What is clear is that it won't work unless parameters with teeth are established for those who have to implement the law and make judgments about the balance of public interest considerations. In NSW councils have floundered in this area with little help from the Department of Local Government or the Local Government and Shires Association. And the relationship between Section 12 and other laws is so complex (not helped by the rare occasions it has cropped up in the Administrative Decisions Tribunal), it was one of the matters referred by the Attorney General to the NSW Law Reform Commission in 2006.There has not been a word from them on this since, despite the plan to publish a consultation paper by-wait for it-December 2006.
Even when the guidelines are clear, an authority with clout needs to step in to protect against lawyerly attempts to find loopholes. Just one example.
The Local Government Act and the NSW Freedom of Information both contain a provision excluding as an irrelevant public interest consideration, that disclosure could lead to misinterpretation or misunderstanding of information in a document to be disclosed.(This still gets a lively run in some other jurisdictions around the country).
The LGA version relevant to councils in dealing with access applications outside FOI refers to as irrelevant the fact that a person-presumably any person-would misinterpret or misunderstand the information. The FOI provision that applies in the administration of the Act to all state and local government bodies in dealing with FOI applications, says it is not relevant that the FOI applicant would misinterpret or misunderstand the information. Maybe you can see the loophole coming. And the official guidance set out in the FOI Manual 2007 published by the Department of Premier and Cabinet and the Ombudsman does not disappoint.

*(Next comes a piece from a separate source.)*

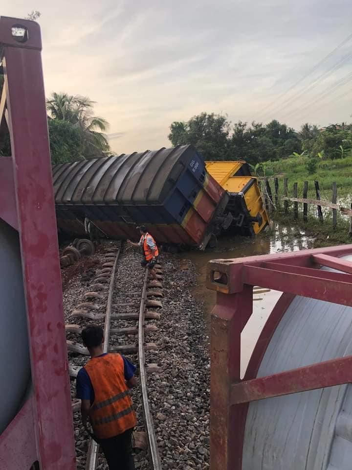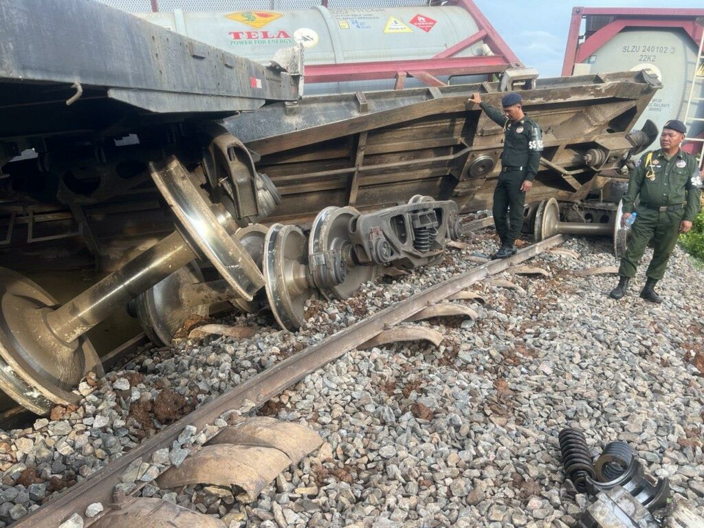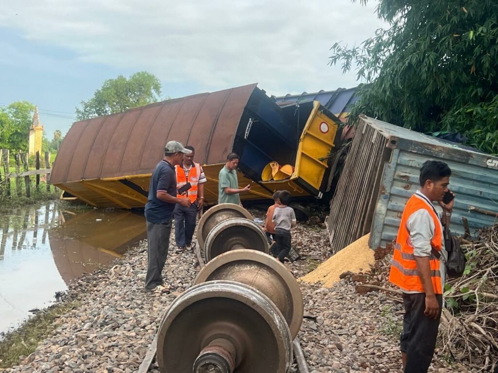 រថភ្លើងដាច់ចេញពីទូក្រឡាប់ធ្លាក់ផ្លូវដោយខ្លួនឯង នៅស្រុកក្រគរ ខេត្តពោធិ៍សាត់

Paragraph 10.4.19 under the heading"Ill-informed speculation and public confusion" reads:
"(A)lthough the possibility that the applicant him or herself may misunderstand information contained in a document cannot be taken into account, it may be a relevant consideration that release of the document would mislead the public generally, or otherwise cause general public confusion"(emphasis added).Just how the decision maker is to make a judgment about who or how many people constitute the public for this purpose isn't the subject of any further wisdom, but you can see what an agile mind could do with this. On any technical subject most of us might not fully understand but why that really matters has not been established.
The Solomon Report is aware of the problem of leaving the public interest as an "amorphous" concept and has a go (Recommendation 42, page 155) at listing public interest factors that should be included in the law. It includes in the irrelevant category, the NSW FOI provision, that according to the leaders here means that it may be relevant to consider whether persons other than the applicant may be mislead or confused by the information disclosed. Is that what Solomon intends?
The NSW experience illustrates the complexity involved for Queensland in moving from complex legislation and a myriad of exemptions, to a simpler right to information law, but may the wind be at their back.